● **Brief**
Please reproduce the lines of the records below from the one holding "Zwarte 'Printed Swimshort'" through the one holding "本报见习记者 张熙锦 摄", inclusive, skipping all pictures.

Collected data
■ ■ ■ ■ ■

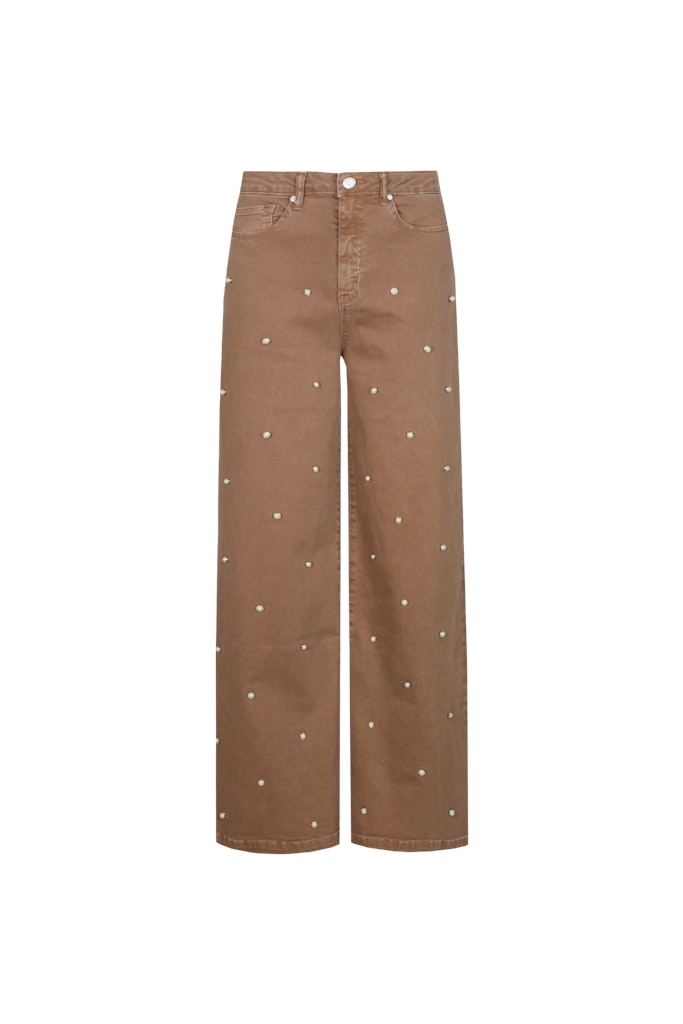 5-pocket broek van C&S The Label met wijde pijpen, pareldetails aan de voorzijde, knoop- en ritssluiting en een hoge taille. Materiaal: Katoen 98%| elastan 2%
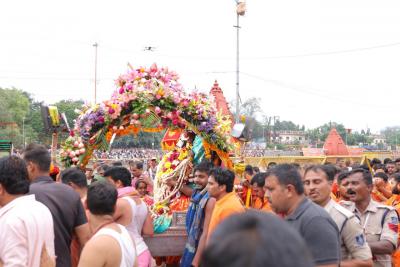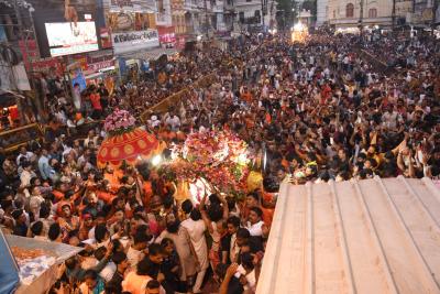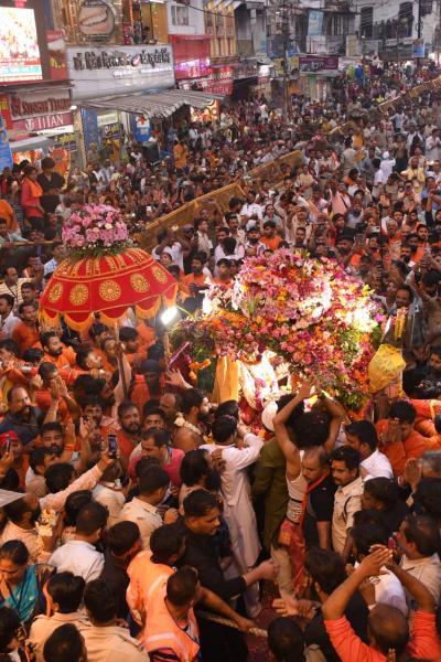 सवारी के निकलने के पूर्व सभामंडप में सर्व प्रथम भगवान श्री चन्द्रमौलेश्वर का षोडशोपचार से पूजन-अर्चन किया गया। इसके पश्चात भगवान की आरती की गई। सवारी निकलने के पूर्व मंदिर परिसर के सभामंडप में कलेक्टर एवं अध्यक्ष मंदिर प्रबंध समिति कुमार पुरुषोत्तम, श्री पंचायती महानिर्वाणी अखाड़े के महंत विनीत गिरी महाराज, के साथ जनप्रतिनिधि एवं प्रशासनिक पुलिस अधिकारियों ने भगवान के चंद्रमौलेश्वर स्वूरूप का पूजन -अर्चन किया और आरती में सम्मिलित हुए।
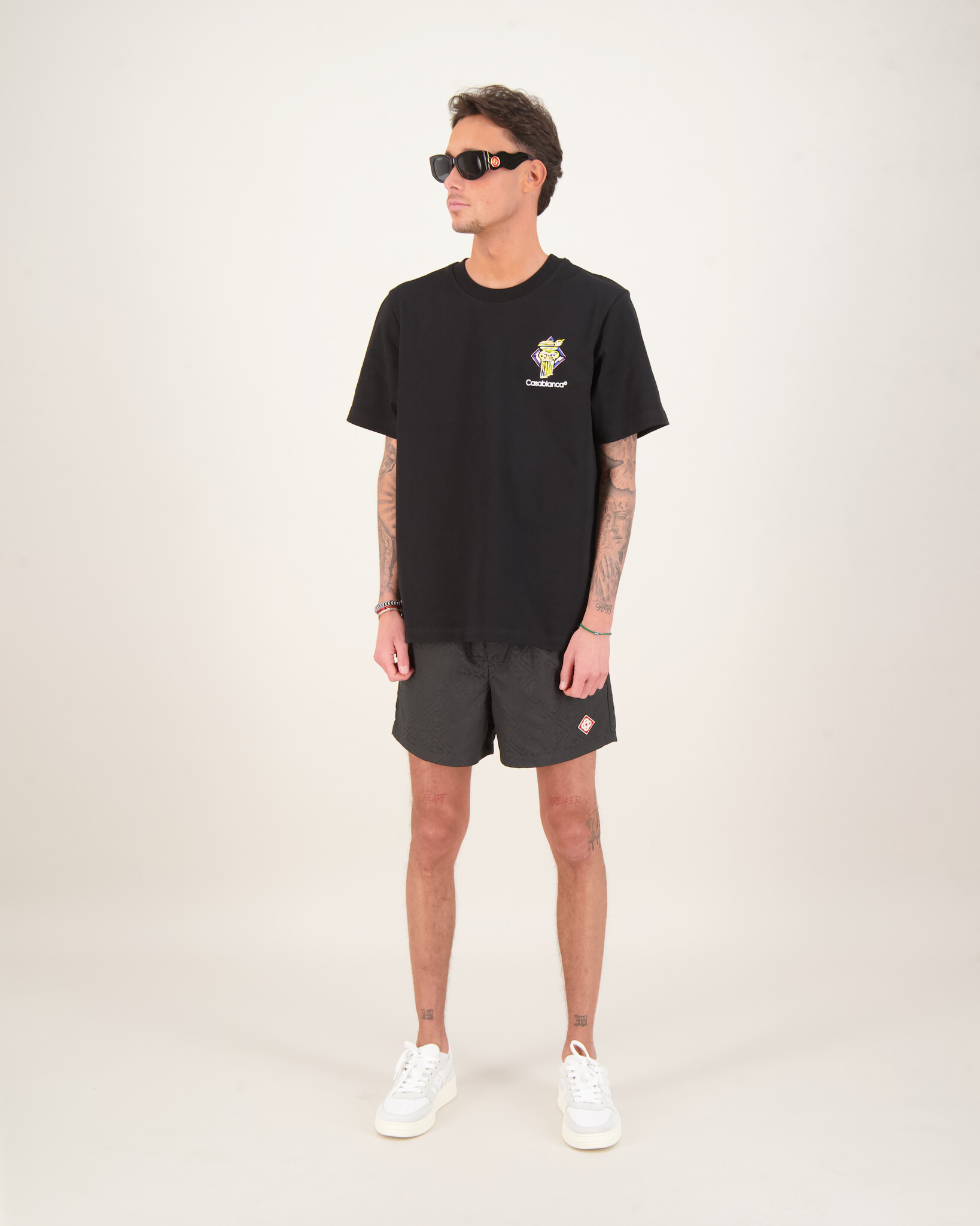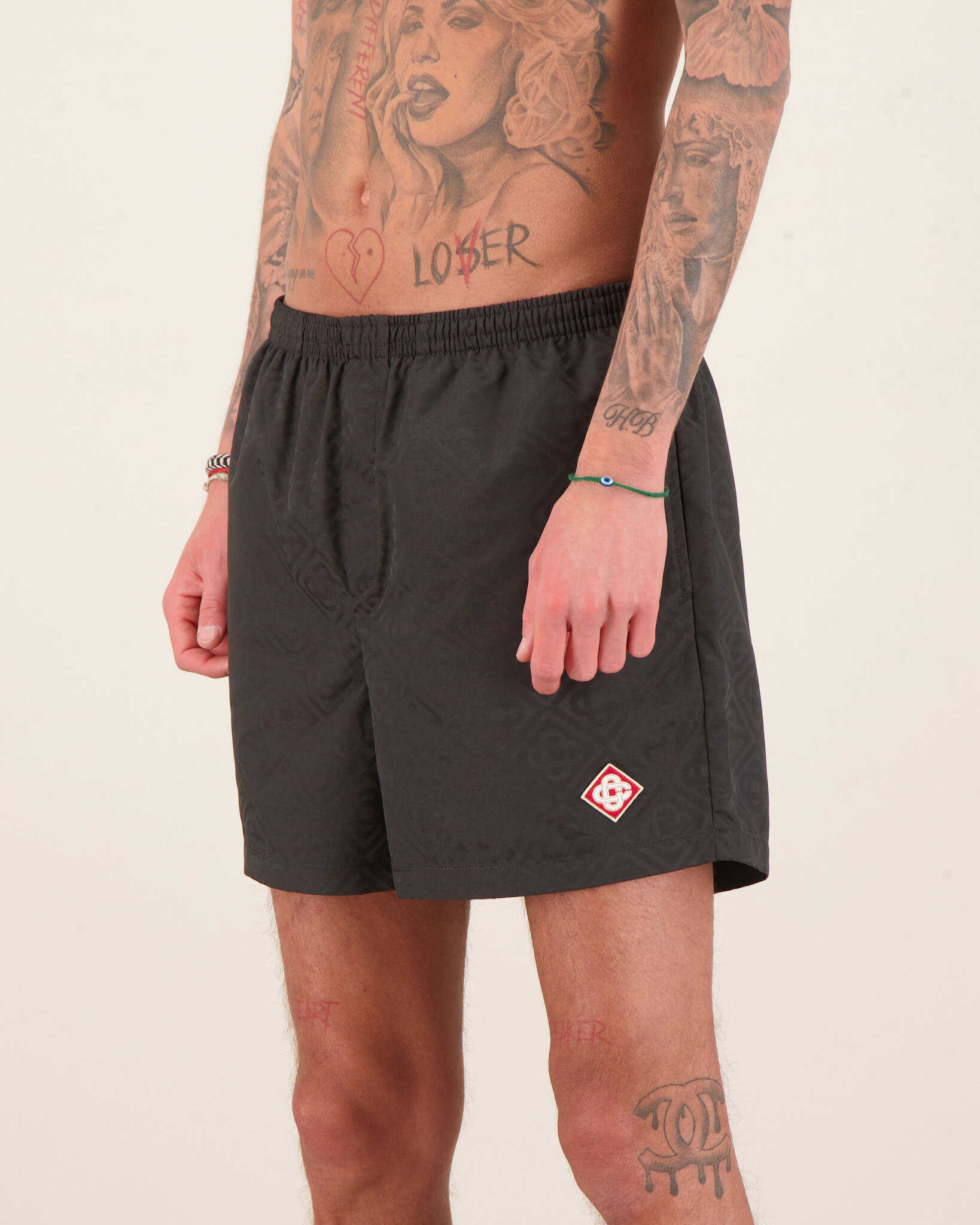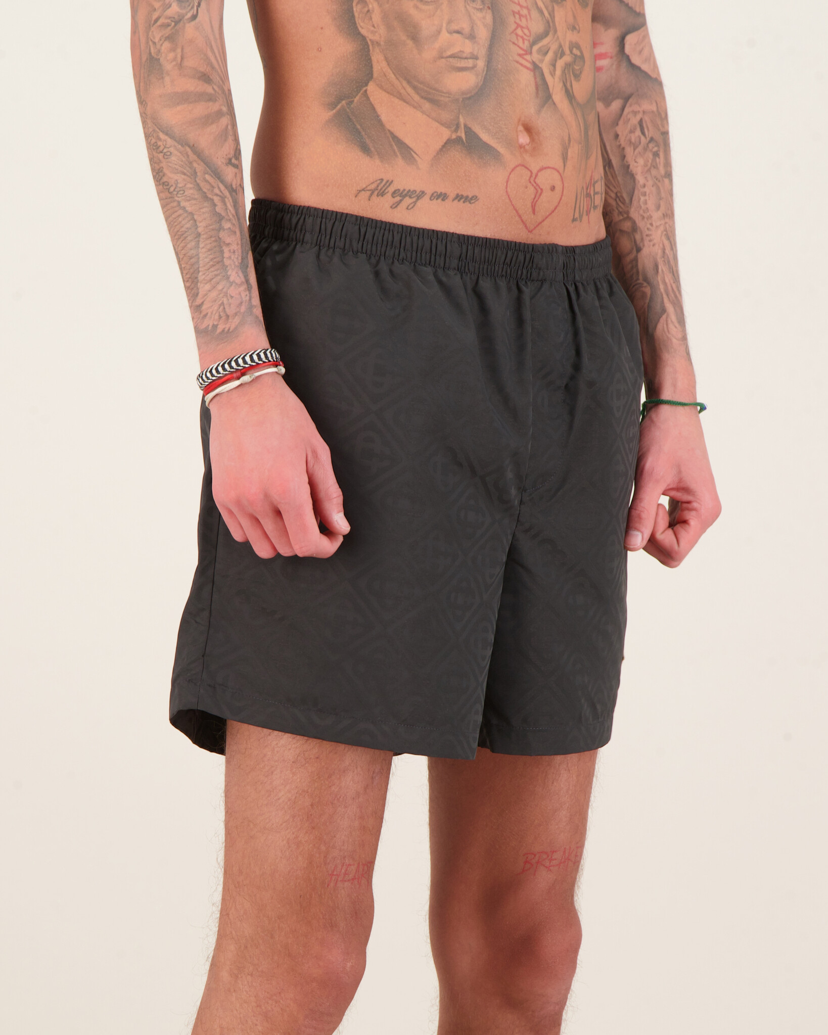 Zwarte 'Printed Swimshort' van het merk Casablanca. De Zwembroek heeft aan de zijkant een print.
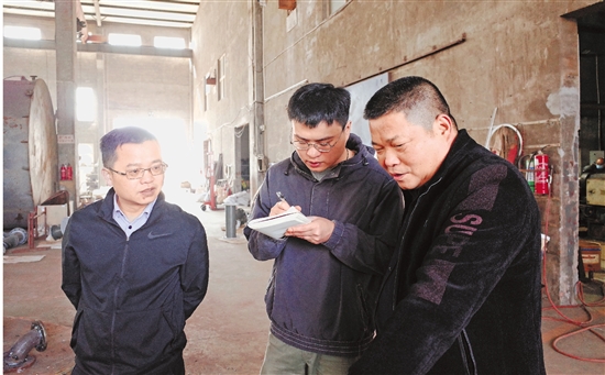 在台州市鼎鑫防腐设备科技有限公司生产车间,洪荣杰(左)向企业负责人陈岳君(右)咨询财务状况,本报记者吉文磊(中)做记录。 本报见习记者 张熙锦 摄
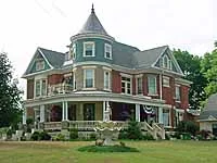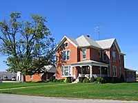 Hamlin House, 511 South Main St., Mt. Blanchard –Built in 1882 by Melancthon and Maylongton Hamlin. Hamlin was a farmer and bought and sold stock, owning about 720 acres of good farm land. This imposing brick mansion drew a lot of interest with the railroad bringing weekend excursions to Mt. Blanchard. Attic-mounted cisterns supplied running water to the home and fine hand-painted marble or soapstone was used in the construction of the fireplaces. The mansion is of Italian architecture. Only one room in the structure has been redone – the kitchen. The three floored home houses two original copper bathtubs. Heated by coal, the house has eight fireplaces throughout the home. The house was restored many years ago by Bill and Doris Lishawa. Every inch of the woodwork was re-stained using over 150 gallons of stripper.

■ ■ ■ ■ ■

● **Response to the task**
 Zwarte 'Printed Swimshort' van het merk Casablanca. De Zwembroek heeft aan de zijkant een print.
 在台州市鼎鑫防腐设备科技有限公司生产车间,洪荣杰(左)向企业负责人陈岳君(右)咨询财务状况,本报记者吉文磊(中)做记录。 本报见习记者 张熙锦 摄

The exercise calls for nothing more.